• I am a researcher at Huawei Noah's Ark Lab.
  • I focus on building cooperative multi-agent systems using Deep Reinforcement Learning.
  • This page will no longer be updated.
  • Education Experiences

    Ph.D. @ PKU
    Sept. 2015 - Jul. 2020

  • School of Electronics Engneering and Computer Science
  • Institute of Network Computing and Information Systems
  • Advisor: Prof. Zhen Xiao
  • Research Focus: Multi-agent Deep Reinforcement Learning
  • Ranking 1st among all students (including master and Ph.D.) in our class
  • B.S. @ NUAA
    Sept. 2011 - Jul. 2015

  • School of Computer Science and Technology
  • Department of Software Engineering
  • Ranking 1st among all students in our department
  • Recommended to Peking University (PKU)
  • Selected Researches

    Research Intern
    2012-Noah's Ark Lab
    Mentor: Wulong Liu, Jianye Hao,
    Jun Wang & Jun Luo
    Jun. 2019 - Oct. 2019

    Neighborhood Cognition Consistent Multi-agent Reinforcement Learning.
  • I was awarded the Third Prize of Innovation Pioneer Award on December 26, 2019 by Huawei Central Research Institute (the second-level department of Huawei).
    1. Of all the people who were awarded the Innovation Pioneer Award, I am the only intern.
    2. Including the First, Second and Third Prize, there are only 13 awards in total at Huawei Noah's Ark Lab (the third-level department of Huawei).

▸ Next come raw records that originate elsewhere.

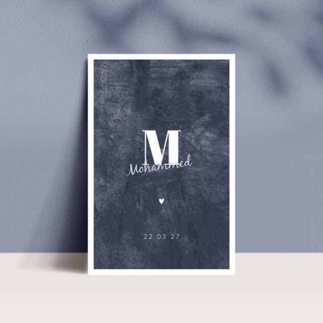 Hip enkel geboortekaartje voor een jongen met geometrische vlakken en kraft.
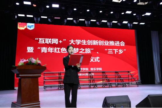 5月26日上午,我校音乐学院第八届“互联网+”大学生创新创业推进会暨“青年红色筑梦之旅”、“三下乡”活动启动仪式在音乐厅举行。音乐学院院长王跃辉,党总支书记陈志明、副书记尹理智,校团委副书记任海巍,全体辅导员老师以及“青年红色筑梦之旅”领导小组成员参加了启动仪式。
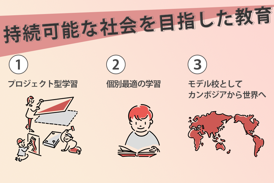 開発途上国であるカンボジアで、その新しい教育の在り方をこの学校で実現し、国内、アセアン、そして世界へ「地球益」(地球上すべてのものにとっていいこと)という考えを広めていくことが私たちのミッションです。

  • The first author of NCC-MARL. Oral @AAAI20, top 5%.
    1. NCC-MARL is a general RL framework to handle large-scale multi-agent cooperative problems.
    2. We notice that agents maintain consistent cognitions about their environments are crucial for achieving effective system-level cooperation. In contrast, it is hard to imagine that the agents without consensuses on their situated environments can cooperate well.
    3. NCC-MARL decomposes all agents into much smaller neighborhoods. Furthermore, we assume that each neighborhood has a true hidden cognitive variable, then all neighboring agents learn to align their learned neighborhood-specific cognitive representations with this true hidden cognitive variable by variational inference. As a result, all neighboring agents will eventually form consistent neighborhood cognitions, and thus achieve effective cooperations.
    4. NCC-MARL achieves much better performance than many baselines, e.g., VDN, QMIX, MADDPG and ATT-MADDPG.
  • Research Intern & Team Leader
    2012-NGIP Lab
    Mentor: Zhibo Gong
    Jan. 2017 - Jan. 2019

    Distributed Reinforcement Learning-based Network Traffic Control.
  • This is a one-million-CNY level project. It concludes with ''EXCELLENCE'' in January 8, 2019.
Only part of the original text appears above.